But if you're willing to forgive this conceit, it's a good adventure story, with plenty of pitched battles, a few battles won by stealth, and a plausible depiction of how a society without government might defend itself. Unfortunately, we can't tell whether it would work if they couldn't count on the constant attention of a superior general. Harald is alway monitoring developments, and imagining what his old enemies might do if they were to decide to attack again.

There are plenty of incidents showing people making choices freely, and bearing the consequences of their choices. No government intervention, except among the citizens of the emperor. Even those who live under kings seem to be allowed to live their own lives, and choose to accept the protection of the local ruler as long as it's worth the cost.

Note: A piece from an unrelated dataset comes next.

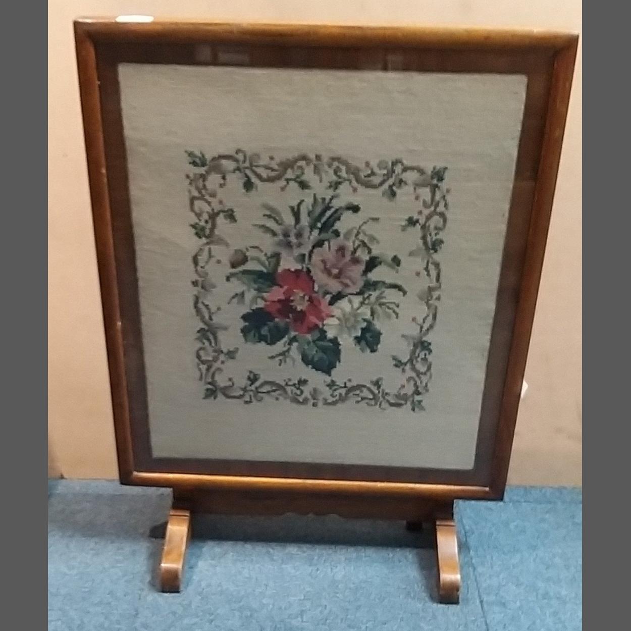 A vintage swing top folding table with embroidered glass top. 45cm tall approx when opened.

In this society, women are warriors on a par with men, though they maintain their own separate force ("The Order"), and join the battle only when their leaders decide that their interests are at stake. The conflict starts when the young king tries to take control of The Order to ensure that they will help him if the empire attacks. If Harald hadn't stepped in, the king would have ended up with a rebellion, cutting his forces rather than augmenting them. Harald shows him that persuasion works better than force.

Sunday, November 05, 2006

John Scalzi, The Ghost Brigades

John Scalzi's The Ghost Brigades is likely to be a strong candidate for this year's Prometheus award. It may be the best I've read so far. (Since the competition includes Vinge, a past winner, and Stross, a past nominee, that's an achievement.)

Humankind is one of many species competing for living space around the galaxy. There's a little cooperation, and a lot of war. Our government is keeping most of the population in the dark about who our friends and enemies are, and how we're fighting them. Our best weapon is an army of vat-grown, genetically enhanced soldiers who are effectively brainwashed slave labor.

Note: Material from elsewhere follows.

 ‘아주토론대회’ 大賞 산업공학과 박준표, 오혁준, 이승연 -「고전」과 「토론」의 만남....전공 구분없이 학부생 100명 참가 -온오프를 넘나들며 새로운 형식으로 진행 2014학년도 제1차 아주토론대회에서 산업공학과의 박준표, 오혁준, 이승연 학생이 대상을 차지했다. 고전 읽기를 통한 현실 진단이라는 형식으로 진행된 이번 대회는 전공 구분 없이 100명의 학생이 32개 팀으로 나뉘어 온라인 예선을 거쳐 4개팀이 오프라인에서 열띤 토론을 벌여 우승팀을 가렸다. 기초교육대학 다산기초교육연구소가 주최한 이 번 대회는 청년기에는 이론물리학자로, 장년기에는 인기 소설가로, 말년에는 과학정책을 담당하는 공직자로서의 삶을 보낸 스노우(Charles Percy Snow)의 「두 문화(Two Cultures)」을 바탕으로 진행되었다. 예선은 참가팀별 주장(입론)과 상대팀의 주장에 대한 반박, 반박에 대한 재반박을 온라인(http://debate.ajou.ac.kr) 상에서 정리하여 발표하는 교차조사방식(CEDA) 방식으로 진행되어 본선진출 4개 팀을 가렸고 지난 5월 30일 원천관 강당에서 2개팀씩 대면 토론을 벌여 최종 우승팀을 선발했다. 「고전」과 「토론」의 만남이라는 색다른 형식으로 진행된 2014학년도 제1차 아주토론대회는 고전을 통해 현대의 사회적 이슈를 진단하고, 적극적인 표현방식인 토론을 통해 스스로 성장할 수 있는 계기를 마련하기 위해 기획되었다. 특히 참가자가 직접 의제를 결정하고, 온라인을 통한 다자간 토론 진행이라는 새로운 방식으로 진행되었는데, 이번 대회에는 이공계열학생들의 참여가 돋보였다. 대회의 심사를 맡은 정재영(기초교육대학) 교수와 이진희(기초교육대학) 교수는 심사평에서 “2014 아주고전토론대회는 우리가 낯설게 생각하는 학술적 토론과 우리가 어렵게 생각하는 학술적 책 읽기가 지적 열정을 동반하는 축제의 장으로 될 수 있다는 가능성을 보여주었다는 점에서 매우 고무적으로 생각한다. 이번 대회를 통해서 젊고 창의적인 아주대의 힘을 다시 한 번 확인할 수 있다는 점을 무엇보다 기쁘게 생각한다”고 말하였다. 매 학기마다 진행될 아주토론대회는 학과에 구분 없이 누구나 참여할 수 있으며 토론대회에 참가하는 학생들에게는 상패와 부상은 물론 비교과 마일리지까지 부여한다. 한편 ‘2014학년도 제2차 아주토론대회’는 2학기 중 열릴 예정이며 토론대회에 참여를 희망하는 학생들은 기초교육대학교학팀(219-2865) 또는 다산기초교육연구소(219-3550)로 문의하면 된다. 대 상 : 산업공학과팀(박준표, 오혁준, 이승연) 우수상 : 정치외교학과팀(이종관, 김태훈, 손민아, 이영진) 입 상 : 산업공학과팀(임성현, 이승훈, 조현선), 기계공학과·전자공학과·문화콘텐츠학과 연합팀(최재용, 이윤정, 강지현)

The conflict arises when Charles Boutin, the genius scientist who has helped develop the technologies, becomes convinced that the government was careless about protecting his wife and daughter, and in his grief, lends his assistance to some of humanity's enemies. In order to help track him down, his memory backup is loaded into the mind of Jared Dirac, a custom-designed soldier. Since the mind transplant doesn't take at first, Dirac develops his own personality, with idiosyncratic quirks and abilities. This isn't on the program for the enhanced soldiers, which results in a lot of trouble.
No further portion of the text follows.